Yeah, can you hear me?
Yes, yes. Loud and clear. Please go ahead.
Okay, apologies for earlier.
I just had maybe some clarification questions. Is volumes under Pocket UPI, are they counted in this 35% UPI number that was mentioned or is that separate?
Yes, it's under this 35% number that we mentioned.
Got it. I think as your UPI volumes went 30%- 35%, but it seems the take rate, just looking at it, reduced a lot more from 68 bps to about 55 bps. Was there anything else impacting that?

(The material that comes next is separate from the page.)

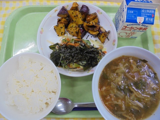 今日は、韓国料理献立給食でした。クッパは、低学年の児童にも食べやすいピリ辛味で、ご飯との相性も抜群!お代わりに多くの子が並んでいました。 また、料理名からなかなか想像ができない『マッタン』は、韓国の大学芋です。子ども達も、食缶を開けて「大学芋だー!」「韓国にも大学芋があるんだね!」と目を輝かせていました。
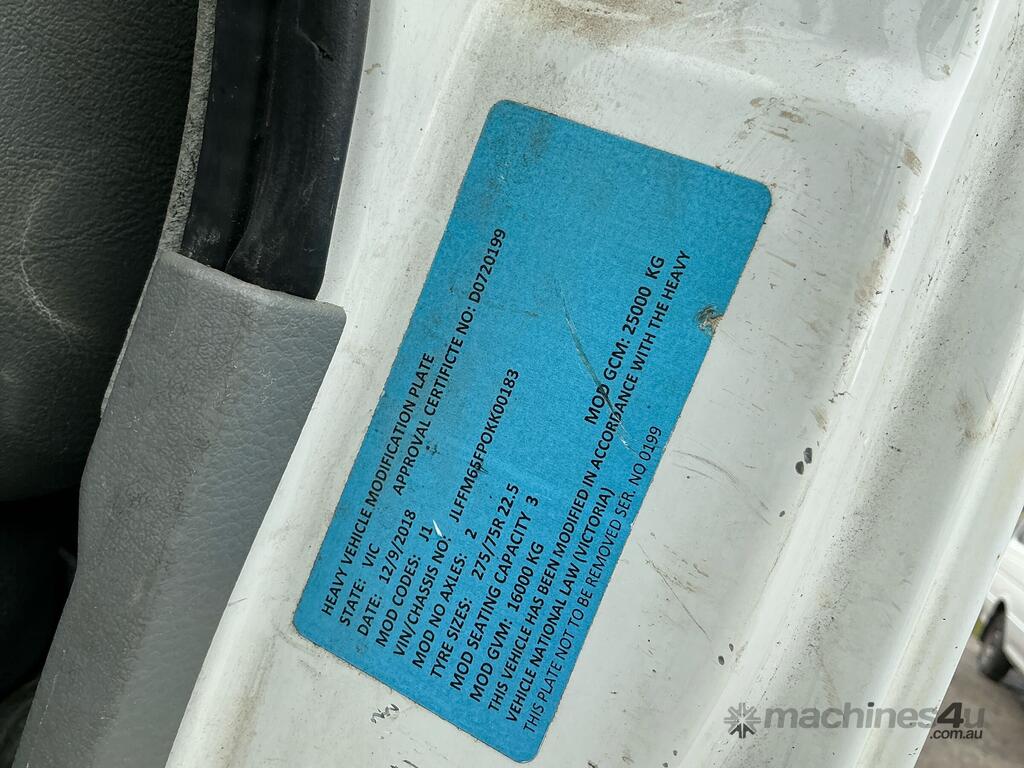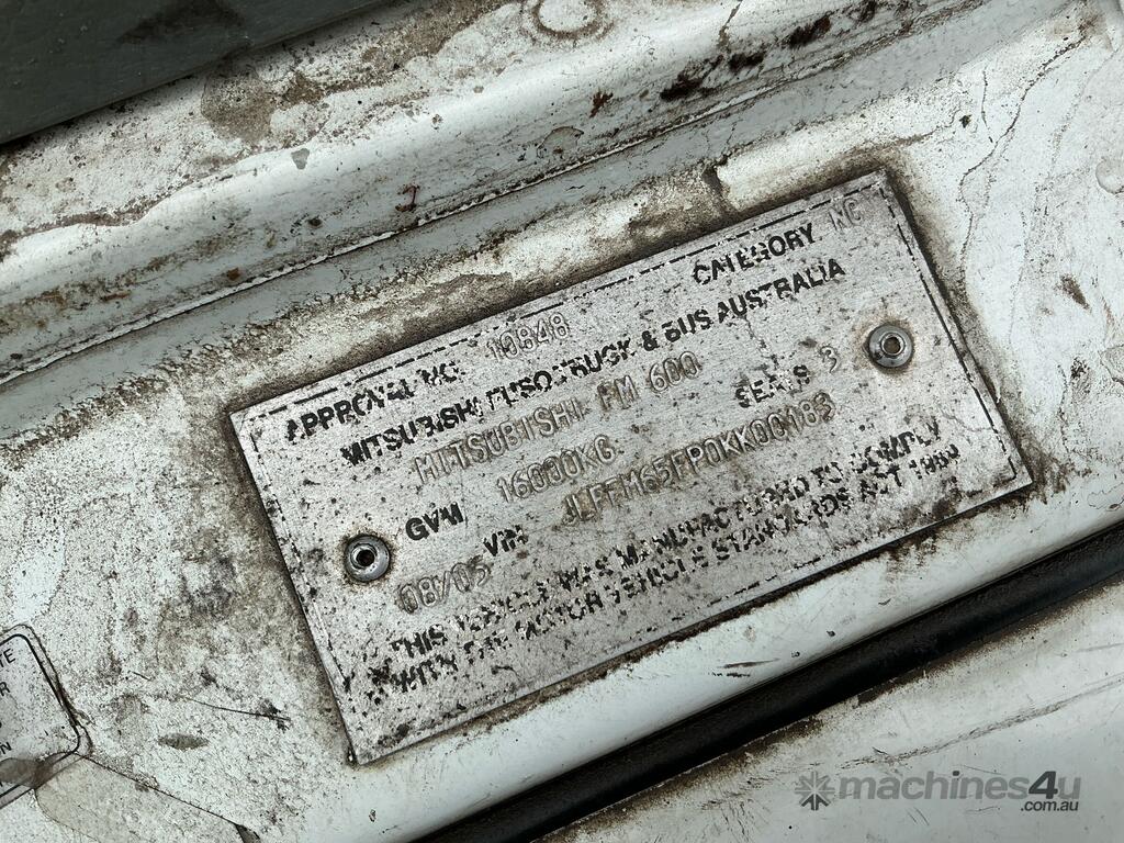 CP: 08/2005,Mitsubishi,FM600,Rigid,Manual,6 Cyl,Diesel,Odometer not visible,Hourmeter not visible,Colour: White,Rego. No: NP(1NV1TE), Unregistered VIC,VIN: JLFFM65FP0KK00183,Length: 10 m,GVM: 16000,Sold with No Plates,WOVR Status: WOVR N/A,Incident Type: Impact

No, look, at the end of the day, Siddharth, the take rate is a combination of the various products that we have, right? Like BDPS is a product which has lower take rates, etc. It is just a mathematical outcome.
Correct.
I wouldn't worry too much about quarter-on-quarter trends, but more in terms of the longer duration trends. I think more importantly, the net payment margins, which is actually, you know, in fact, slightly improved this quarter to a little bit over 15 bps.
Yeah, no, fair.
My last question, I think you had spoken about it just previously on the 40% margins in lending coming back. Just to clarify, that's not dependent on the ZIP product coming back or the shorter tenor products coming back and disbursals happening under that?
No, Siddharth, that's not dependent. Like I also mentioned, that's actually more dependent on the book seasoning and the accounting changes in a way becoming more normalized. Because till now, what had happened is, consequent to the changes in September 2024, what I'm given that the book size was smaller because the macro had become weaker, a large part of the cost was hitting upfront, but the revenue was not kicking in. Now, with macro also recovering, disbursals increasing, and that cost getting more stable, that is what is going to cause the 40% margins to come back in.
Got it.
Okay.
That clarifies it. Thank you so much.
Thank you, Siddharth.
Thank you, Siddharth. I think there are no further questions.
Let's see the chat box.
There is one question from Harsh Mehta. Why has the gross margin in financial services gone up from 4%-1 3%? I think we have already addressed this. The primary reason is the lending-related expenses as a percentage of disbursement has gone down and the take rate has improved from 7.4%- 8.3%. Hi, we are just going through the chat. We are just making sure that we don't miss anything. There is one question. When do you expect to be break-even?
Yeah, hi, this is Upasana. I think we mentioned this at the beginning of the call, but I'm very happy to reiterate. What is happening in the business is that the business is growing nicely and we are doing very well in payments every quarter. We've done exceptionally well in Q1 last year and Q2 last year on both payments and lending business. Subsequently, in Q3 and Q4, the lending business had taken a huge beating because of the slowdown in the market itself. We are working hard towards recovering that and we are seeing recovery quarter over quarter. Today, where we stand in the current quarter, we've reported a 30%+ improvement in EBITDA and overall EBITDA is also negative INR 31 crore with a swing of INR 15 crore from Q4 to Q1.
Mathematically, if we are able to achieve a similar swing of INR 15 crore, then in about two quarters, we should break even. On a conservative basis, let's say we are not able to achieve that. Let's say we are able to do, let's say, INR 10 crore of swing in the next few quarters, then also we should break even. We are quite confident that in this financial year, either in Q3 or Q4, we should be able to break even and then work towards building a far more profitable growth engine in the next financial year.
Thank you all. We have covered all the questions. We have gone through the chats as well. Thank you, everyone, for joining the call. Have a great day.